Personal information
- Full name: Muhammad Faris bin Ramli
- Date of birth: 24 August 1992 (age 33)
- Place of birth: Singapore
- Height: 1.68 m (5 ft 6 in)
- Position(s): Winger; attacking midfielder;

Team information
- Current team: Tampines Rovers
- Number: 10

Youth career
- 2005–2010: National Football Academy

Senior career*
- Years: Team / Apps / (Gls)
- 2010–2012: Young Lions / 51 / (7)
- 2013–2015: LionsXII / 59 / (13)
- 2016–2017: Home United / 38 / (16)
- 2018: PKNS / 21 / (6)
- 2019: Perlis / 0 / (0)
- 2019: Hougang United / 24 / (16)
- 2020: Terengganu / 11 / (3)
- 2021–2022: Lion City Sailors / 41 / (8)
- 2023–: Tampines Rovers / 38 / (12)

International career^{‡}
- 2011–2015: Singapore U23 / 13 / (4)
- 2013–: Singapore / 92 / (15)

Medal record
Men's football
Representing Singapore
Sea Games
| Bronze medal – third place | Naypyidaw 2013 | Football |

= Faris Ramli =

Singaporean footballer

Muhammad Faris bin Ramli (born 24 August 1992) is a Singaporean professional footballer who plays as a winger or an attacking midfielder for Singapore Premier League club Tampines Rovers and the Singapore national team.

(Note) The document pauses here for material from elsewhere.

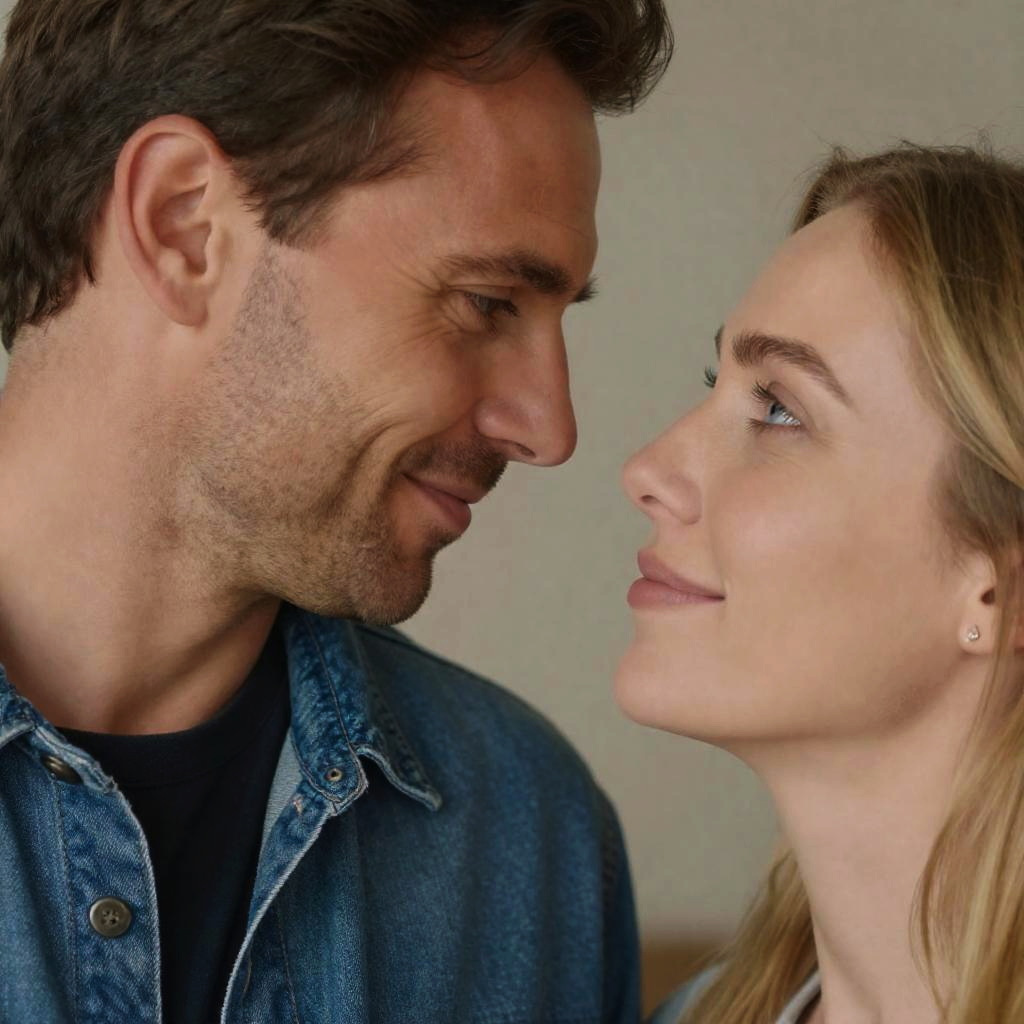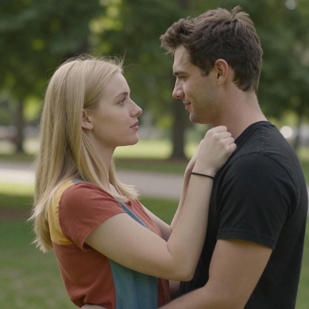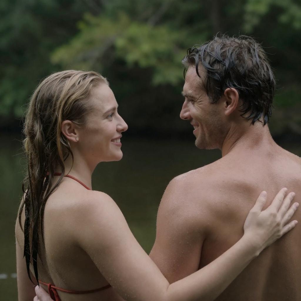 A smiling man and woman with wet hair and skin standing close together in a forest lake. The woman with blonde hair and red swimsuit strap has her right arm resting on the man's left shoulder. The man with dark brown hair looks at her fondly. The background features green foliage, suggesting a natural outdoor setting.

A forward, Faris primarily plays as a winger. In 2012, Faris made it to the top 52 of Nike's 'The Chance' competition, a worldwide talent hunt for young players. However, he was not drafted in the selection of the final 16 in Barcelona. Faris played for the Young Lions prior to featuring for LionsXII in the Malaysia Super League.

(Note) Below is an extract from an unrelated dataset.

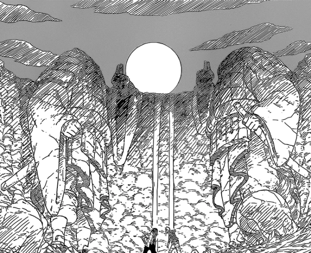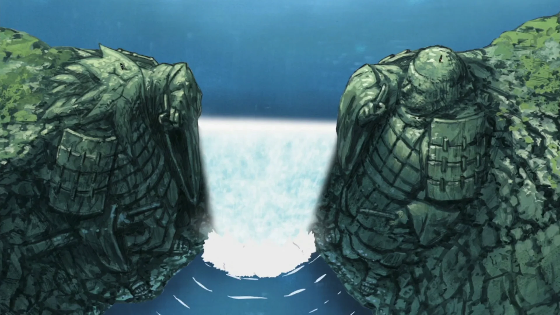 Долина Завершения — это обширная каньонообразная низина, по дну которой протекает широкая река. Над водой по обеим сторонам возвышаются исполинские скальные изваяния, высеченные в форме гигантских воинов, сложивших руки в печатях. Вода срывается вниз многочисленными водопадами, создавая вечный шум и мелкую водяную взвесь в воздухе. Плоский уступ у подножия статуй служит своеобразной ареной, окруженной неприступными стенами скал. Это место производит впечатление суровой, величественной и одновременно безмолвной мощи, застывшей в камне.

== Early life and education ==
Faris studied in Loyang Primary School and Loyang Secondary School and Temasek Polytechnic. His brother Fuad Ramli had two stints in the Singaporean league with Geylang International.
==Club career==
===Young Lions===
Faris began his professional football career with Young Lions in the 2010 S.League.

===LionsXII===
In December 2012, the Football Association of Singapore announced that Faris was to join the LionsXII for the 2013 Malaysia Super League. He had his most prolific season yet in 2015, scoring 11 goals in all competitions, 8 in the MSL and 2 in the 2015 Malaysia FA Cup, which was won by the LionsXII, and 1 in the 2015 Malaysia Cup. He had scored the first goal in the 3–1 win over Kelantan that brought the Malaysia FA Cup to Singapore. His 8 goals in the league was good enough to see him finish the season as the LionsXII's top scorer in the league.

===Home United===
In 2016, although courted by high spending Tampines Rovers as well as Malaysia Super League clubs, Pahang and Selangor, Faris instead choose to signed for Home United for the 2016 S.League campaign after the LionsXII was disbanded following the conclusion of the 2015 MSL season. However, Faris sustained injuries in 2016.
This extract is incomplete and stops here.